[Data for processing]
'''

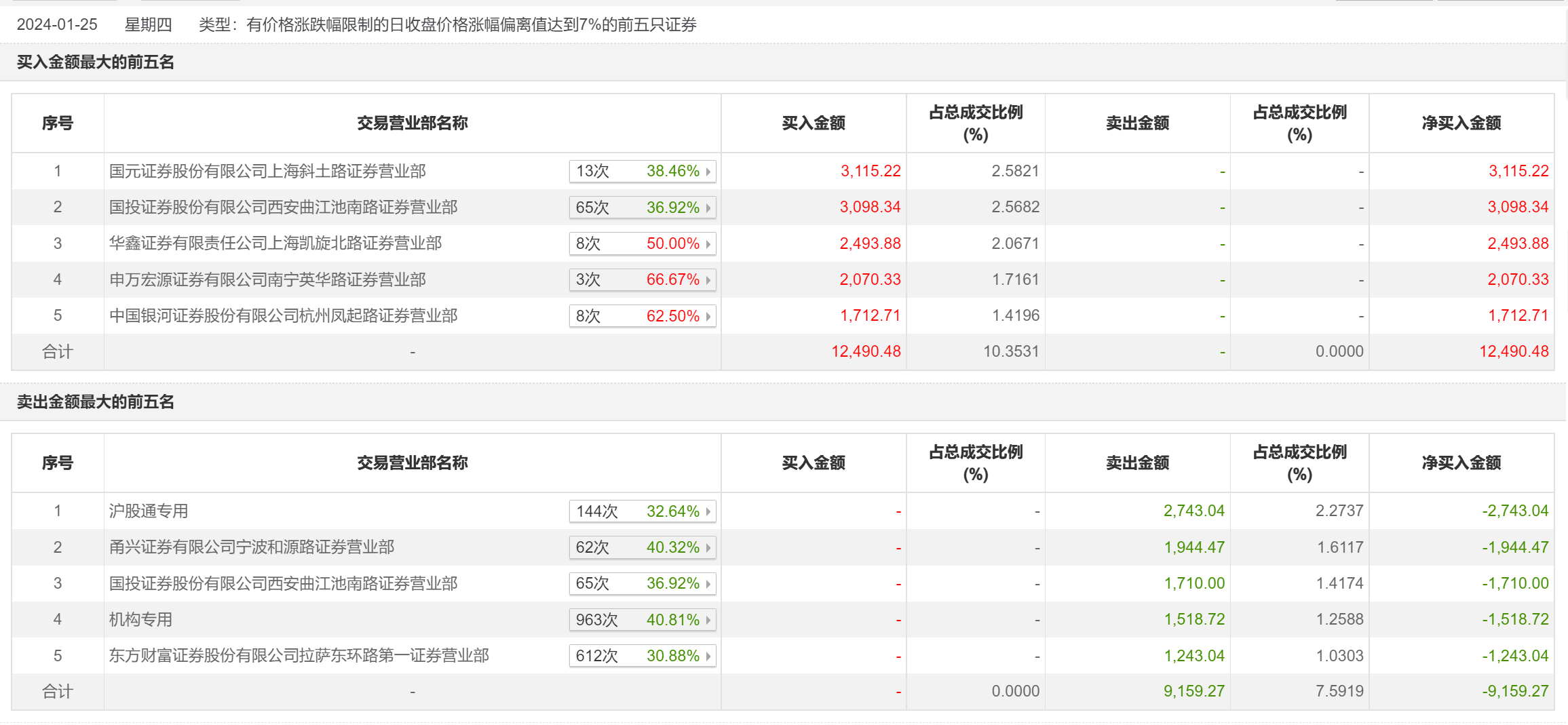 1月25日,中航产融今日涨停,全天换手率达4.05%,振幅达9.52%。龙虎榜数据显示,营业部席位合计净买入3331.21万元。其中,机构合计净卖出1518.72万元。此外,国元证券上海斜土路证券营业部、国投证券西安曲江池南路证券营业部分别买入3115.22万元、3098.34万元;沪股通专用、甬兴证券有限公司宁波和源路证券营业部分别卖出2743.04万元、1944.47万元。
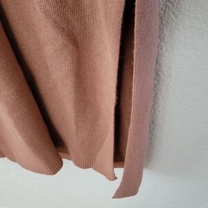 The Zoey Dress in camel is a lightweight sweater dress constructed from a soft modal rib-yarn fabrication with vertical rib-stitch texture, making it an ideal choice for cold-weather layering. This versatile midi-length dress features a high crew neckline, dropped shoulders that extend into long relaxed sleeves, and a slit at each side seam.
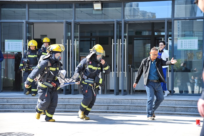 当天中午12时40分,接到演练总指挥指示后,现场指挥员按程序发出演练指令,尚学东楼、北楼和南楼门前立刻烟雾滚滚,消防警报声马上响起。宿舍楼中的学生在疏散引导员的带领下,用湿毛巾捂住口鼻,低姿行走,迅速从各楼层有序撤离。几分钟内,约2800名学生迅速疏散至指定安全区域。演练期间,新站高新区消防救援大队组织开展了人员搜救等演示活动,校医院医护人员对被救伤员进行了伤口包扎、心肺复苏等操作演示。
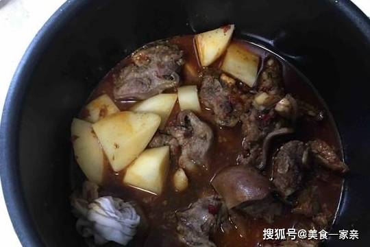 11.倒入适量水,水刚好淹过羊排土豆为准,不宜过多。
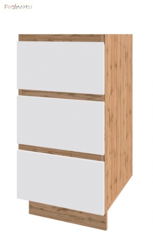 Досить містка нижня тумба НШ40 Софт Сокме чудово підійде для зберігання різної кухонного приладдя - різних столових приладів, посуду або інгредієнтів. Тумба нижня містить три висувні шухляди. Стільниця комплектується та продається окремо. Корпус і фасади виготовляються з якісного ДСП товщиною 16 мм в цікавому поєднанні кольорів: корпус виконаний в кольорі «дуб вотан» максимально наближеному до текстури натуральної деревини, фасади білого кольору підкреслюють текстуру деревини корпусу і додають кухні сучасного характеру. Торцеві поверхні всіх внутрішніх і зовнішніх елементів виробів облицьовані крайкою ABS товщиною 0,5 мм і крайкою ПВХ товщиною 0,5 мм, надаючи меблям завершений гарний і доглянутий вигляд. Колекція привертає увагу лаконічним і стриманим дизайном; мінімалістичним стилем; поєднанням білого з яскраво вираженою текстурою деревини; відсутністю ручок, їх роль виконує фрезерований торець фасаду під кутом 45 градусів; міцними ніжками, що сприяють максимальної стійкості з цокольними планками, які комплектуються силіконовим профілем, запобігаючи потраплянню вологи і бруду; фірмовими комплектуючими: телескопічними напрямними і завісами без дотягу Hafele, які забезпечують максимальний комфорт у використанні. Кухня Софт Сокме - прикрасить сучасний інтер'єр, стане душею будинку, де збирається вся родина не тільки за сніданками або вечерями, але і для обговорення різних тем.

'''
'''

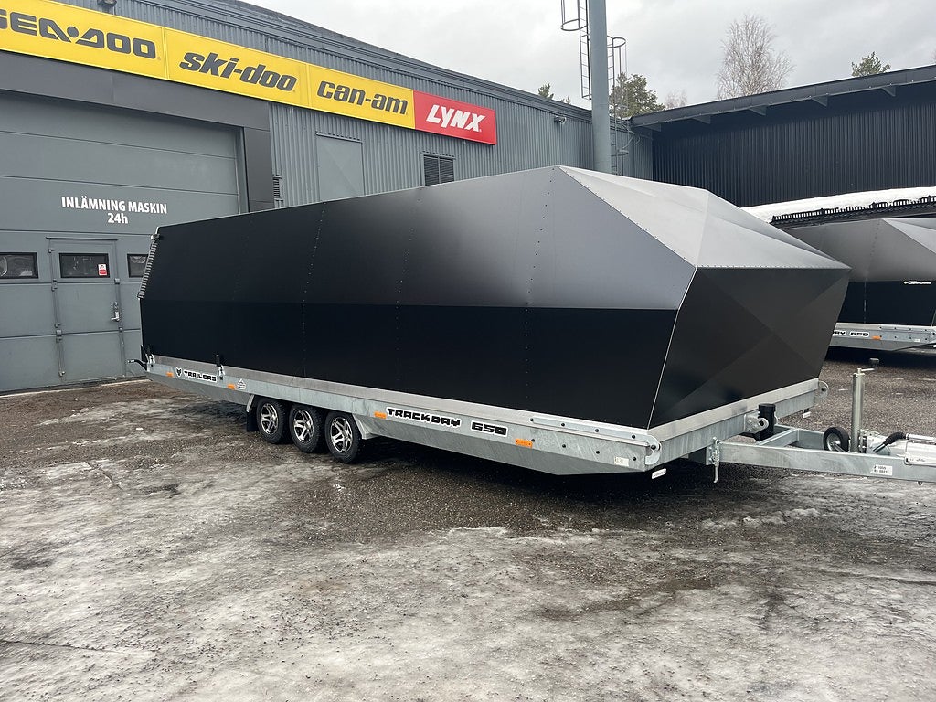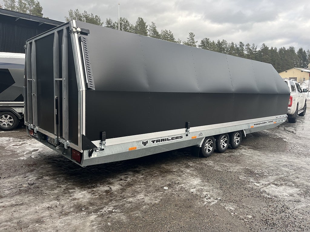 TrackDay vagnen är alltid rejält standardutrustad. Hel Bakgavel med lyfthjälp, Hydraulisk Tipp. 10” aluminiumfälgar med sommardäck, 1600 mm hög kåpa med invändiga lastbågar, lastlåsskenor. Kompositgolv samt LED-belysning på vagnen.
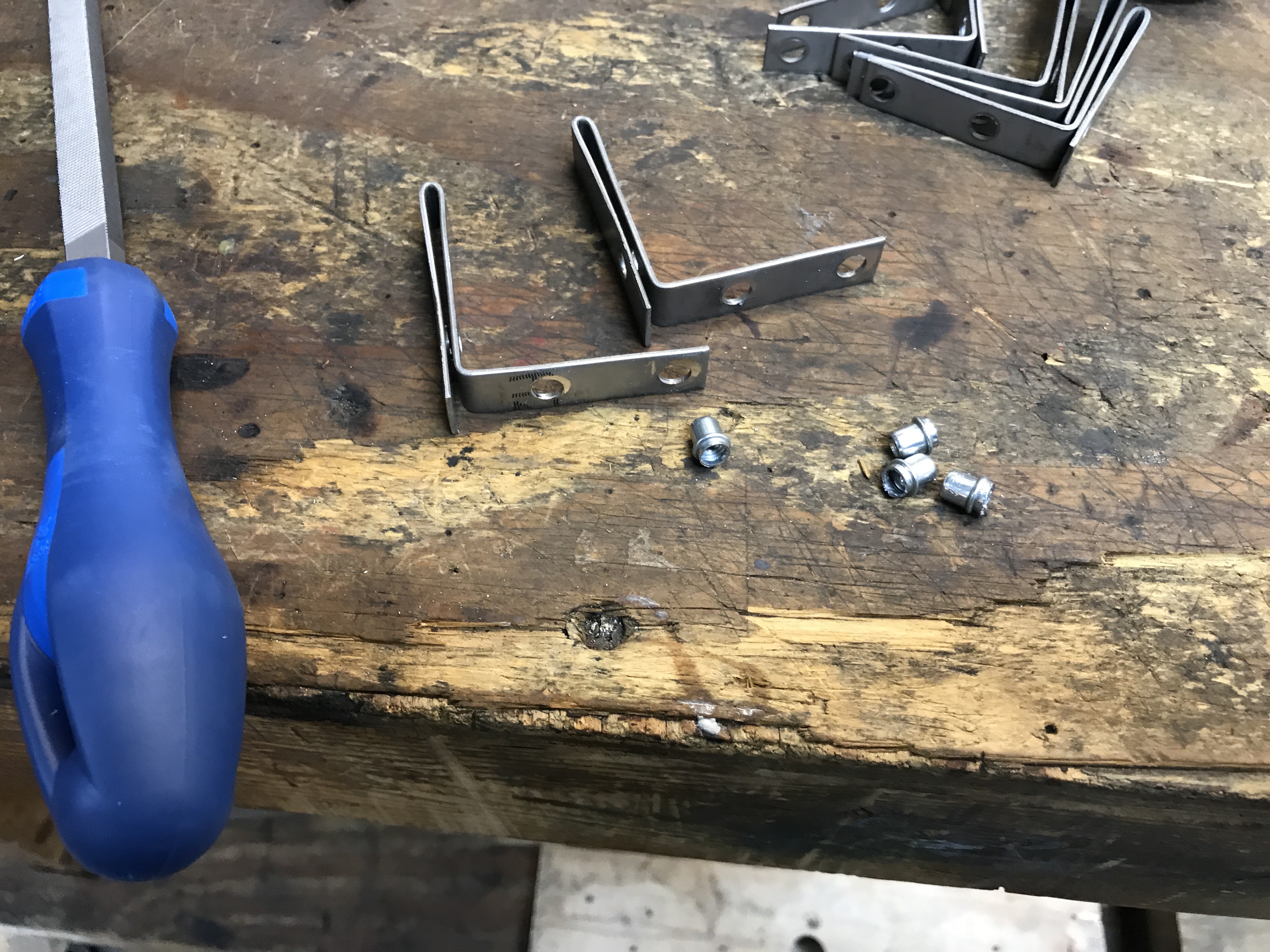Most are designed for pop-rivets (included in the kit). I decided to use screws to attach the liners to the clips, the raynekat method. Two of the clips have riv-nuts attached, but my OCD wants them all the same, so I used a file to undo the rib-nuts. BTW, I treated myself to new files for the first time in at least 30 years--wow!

'''

Every line above between the one containing "1月25日,中航产融今日涨停" and the one containing "The Zoey Dress", those two included, is to be printed exactly. No pictures go into the copy.

 1月25日,中航产融今日涨停,全天换手率达4.05%,振幅达9.52%。龙虎榜数据显示,营业部席位合计净买入3331.21万元。其中,机构合计净卖出1518.72万元。此外,国元证券上海斜土路证券营业部、国投证券西安曲江池南路证券营业部分别买入3115.22万元、3098.34万元;沪股通专用、甬兴证券有限公司宁波和源路证券营业部分别卖出2743.04万元、1944.47万元。
 The Zoey Dress in camel is a lightweight sweater dress constructed from a soft modal rib-yarn fabrication with vertical rib-stitch texture, making it an ideal choice for cold-weather layering. This versatile midi-length dress features a high crew neckline, dropped shoulders that extend into long relaxed sleeves, and a slit at each side seam.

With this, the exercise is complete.